HS4 and HS5 are enhancer blockers. Left, the enhancer-blocking test constructs are depicted, with open rectangles representing the full-length chicken HS4 insulator and the neomycin resistance gene, the latter with an arrow to represent promoter position. The open oval represents the β-globin HS2 enhancer. The AscI restriction enzyme site in pNI is replaced by rounded rectangles representing putative insulator elements in forward (F) or reverse (R) orientation. The filled ovals depict copies of the chicken core HS4 insulator.

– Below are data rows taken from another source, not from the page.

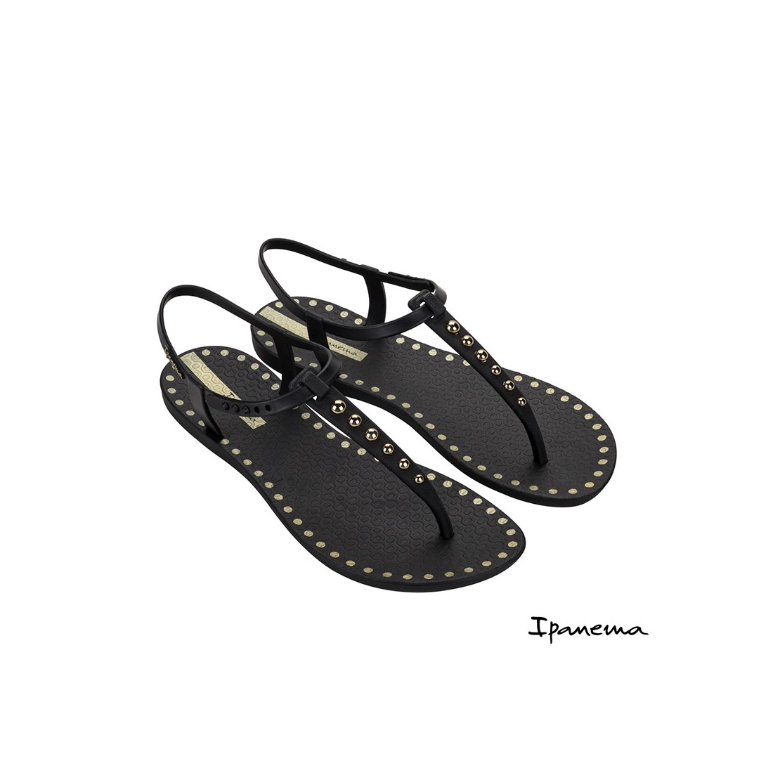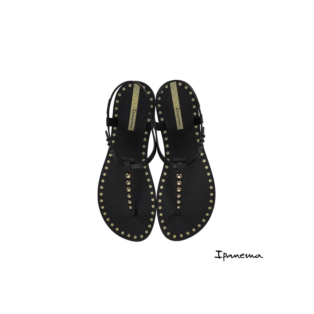 Este modelo Ipanema Class Dots destaca por su acabado en color negro decorado con pequeñas tachuelas doradas, un detalle que aporta un toque sofisticado sin perder su esencia casual.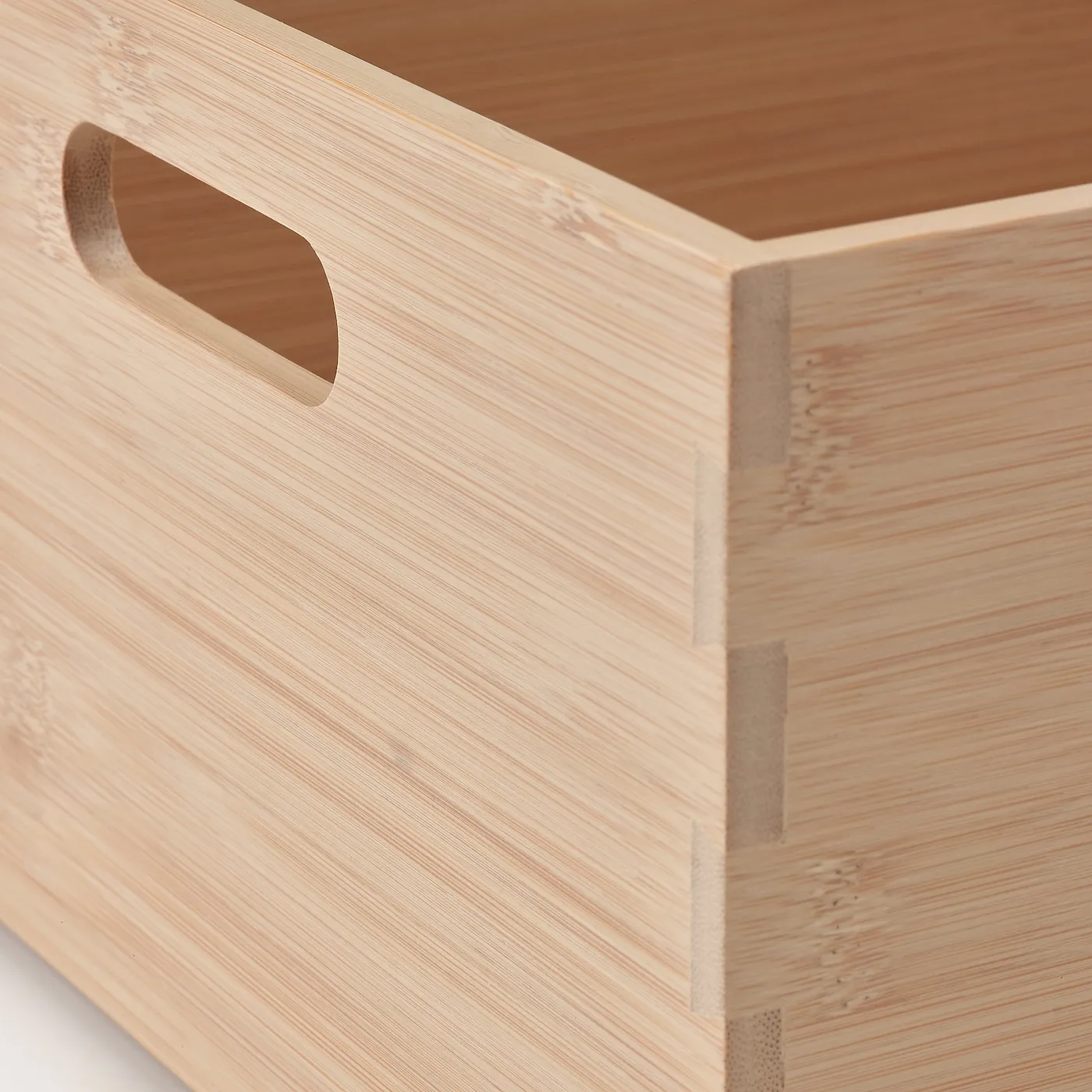 Этот ящик из бамбука одновременно украшает интерьер и выполняет практическую роль. Он отлично вписывается на полке или в глубоком ящике. Подходит для кухонных принадлежностей и баночек с пряностями или для хранения мелочей в прихожей.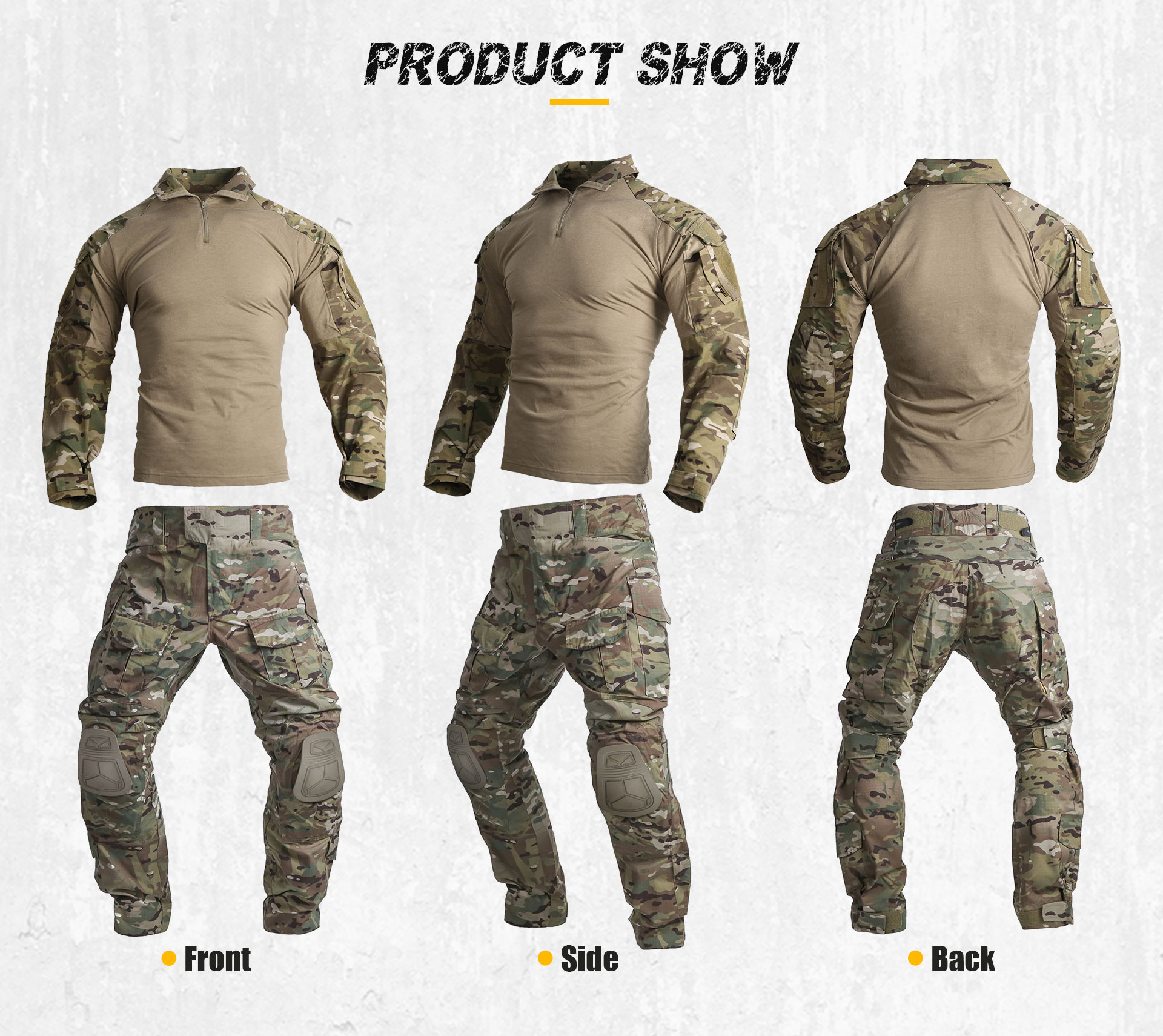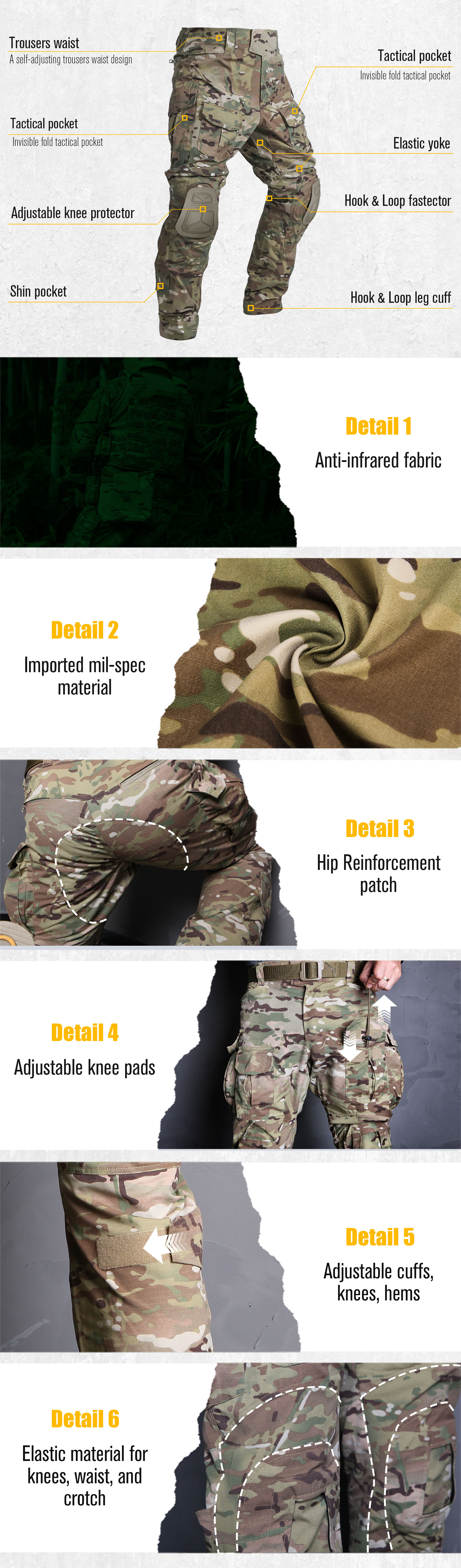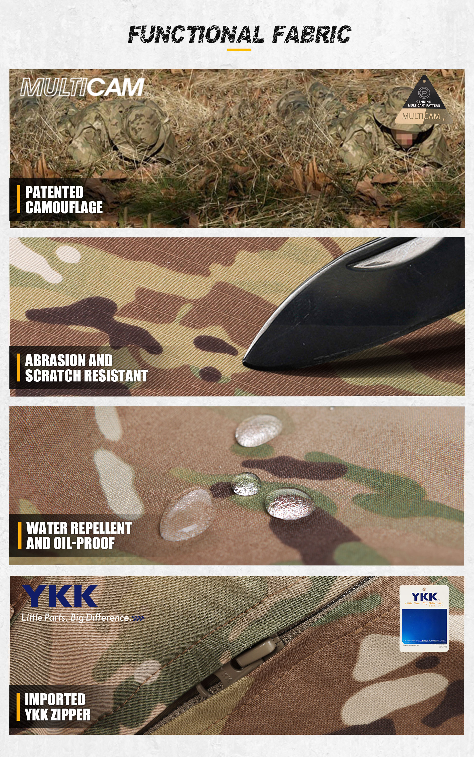 Tops: The splicing design of this product is one of its highlights. The G3 combat T-box uses wear-resistant material pearl sail lattice (nc50/50 imported pearl sail lattice original multicam) for the positions where friction often occurs in the design ® NYCO 6.6oz ripstop (nylon) is made of Kanglun antibacterial fiber. Permanent antibacterial fabric can effectively resist the growth of bacteria, sweat odor and sweat trace, and is comfortable and close to the body; The service style design is adopted at the cuffs, which can effectively improve the wearing feeling, so that it can maintain good sports performance without losing the shape of a slim fit.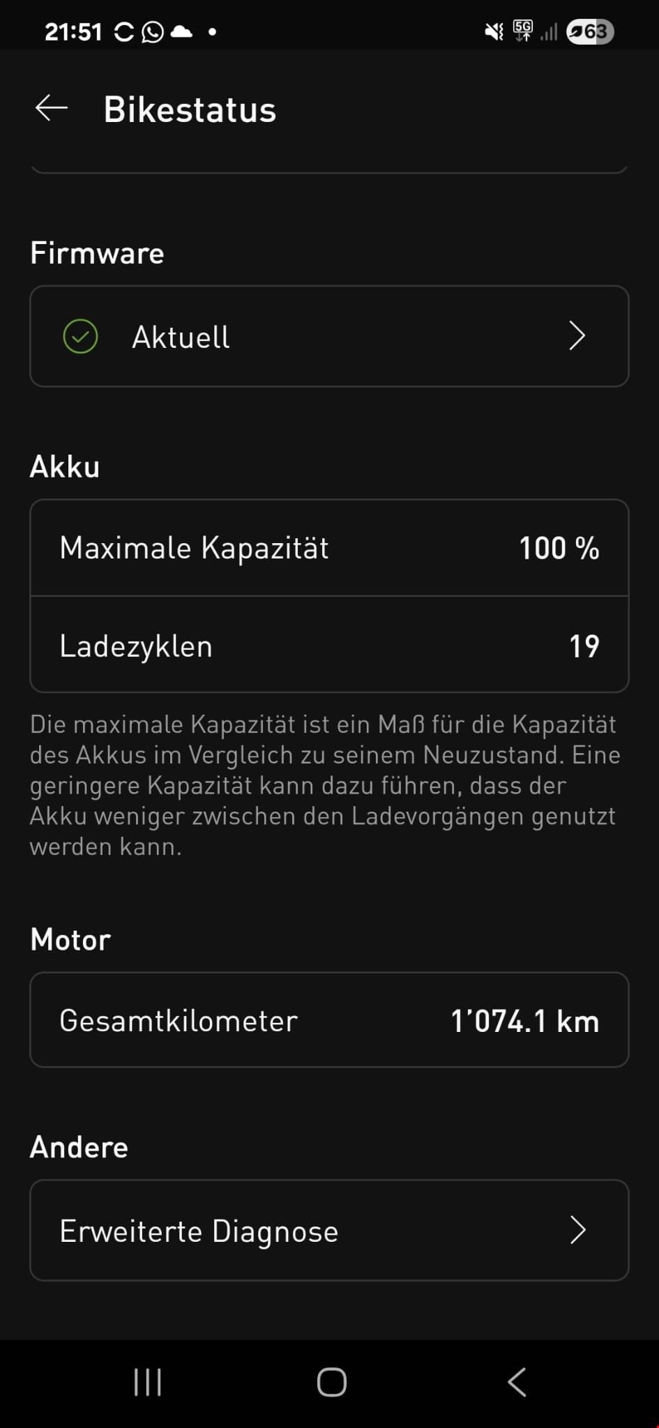 - Original Spec Turbo Levo Gen 4 1080km auf dem Motor Läuft absolut einwandfrei, Battery 100% Leistung Neustes Software Update gemacht Dir verkaufe ich das Bike natürlich geputzt! :-) Technische Spezifikationen E-Bike Motor Specialized 3.1 Motor, 105Nm torque, 810W power Akku Specialized Turbo X2 840Wh integrated battery pack Display/Lenkerfernbedienung Mastermind TCU, 2.2" high resolution screen, fully customizeable with Specialized app, works with Apple Find My Ladegerät Specialized 4amp charger Rahmenset Rahmen Levo 4 frame, 150mm travel, w/SWAT storage, side entry battery, fork travel up to 180mm, adjustable head angle, BB height, chainstay length Sattelklemme Alloy, 38.6mm Gabel Fox 38 Performance Elite series, 29", Grip X2 damper,15x110mm axle, 44mm offset, 160mm of travel Fahrwerk Dämpfer Fox Float X Factory with Specialized GENIE Shock Tech, Ride Dynamics Trail Tune, 2-position lever, LSR adjustment, 210x55mm Bremsen Vorderradbremse SRAM Maven Silver, 4-piston caliper, hydraulic disc Hinterradbremse SRAM Maven Silver, 4-piston caliper, hydraulic disc Antrieb Schalthebel SRAM AXS POD Controller w/discrete clamp Schaltwerk SRAM X0 Eagle Transmission Kassette SRAM XS 1295, 12 speed, 10-52 Kette SRAM X0 Eagle Transmission 12-Speed Flattop Chain Kurbelgarnitur SRAM XO Alloy crank, 155mm, ISIS interface Kettenblätter SRAM 34t T-Type chainring, 104 BCD, steel Laufräder Vorderreifen Butcher, GRID GRAVITY casing, GRIPTON® T9 compound, TLR, 29x2.4" Vorderrad Traverse HD Carbon 29" Rim, DT Swiss 350, 15x110mm, 28h Hinterreifen Butcher, GRID GRAVITY Casing, Gripton T9 compound, TLR, 27.5x2.4 Hinterrad Traverse HD 27.5" carbon rim, DT Swiss 350, XD freehub body, 12x148mm, 28h Schläuche Standard, Presta Valve Cockpit Vorbau Industry 9 Mountain stem, 35mm clamp, 40mm length Lenker Race Face Era Carbon Handlebars, 35mm clamp, back-sweep 8-degrees, up-sweep 5 degrees, 800mm width, S1/S2: 40mm rise, S3-S6: 55mm rise Lenkergriffe Deity Lockjaw Grips Sattel Bridge Expert with MIMIC, Hollow Ti rails Sattelstütze Bike Yoke Revive Max 3.0, 34.9, S2:125mm, S3:160mm, S4: 185mm, S5/S6:213mm Zubehör SWAT™ SWAT Internal downtube storage Produktdetails Konformitätszertifikat As applicable, certified to UL 2849 (e-system) and/or UL 2271 (battery) by UL Solutions and/or SGS. For information on lithium-ion battery standards and regulations in New York City, visit: www.nyc.gov/fdny/batteries Gewicht Produkt-ID 221339 Gewicht 23.94 kg (52 lb, 12.5 oz) Gemessene Rahmengröße S4 *Gewichte basieren auf der Produktion lackierter Rahmen, wie abgebildet. Tatsächliche Gewichte variieren je nach Farbgebung, Rahmengrösse und Komponentenvariation. Spezifikationen können ohne Vorankündigung geändert werden.

All constructs derive from pNI. Right, the number of neomycin-resistant colonies, reflecting the enhancer-blocking activity of each construct, was normalized to the backbone vector pNI, which lacked any putative enhancer-blocking elements, set to a value of 1. The data presented are the mean ± S.D. of three independent enhancer-blocking experiments, each with duplicate transfections.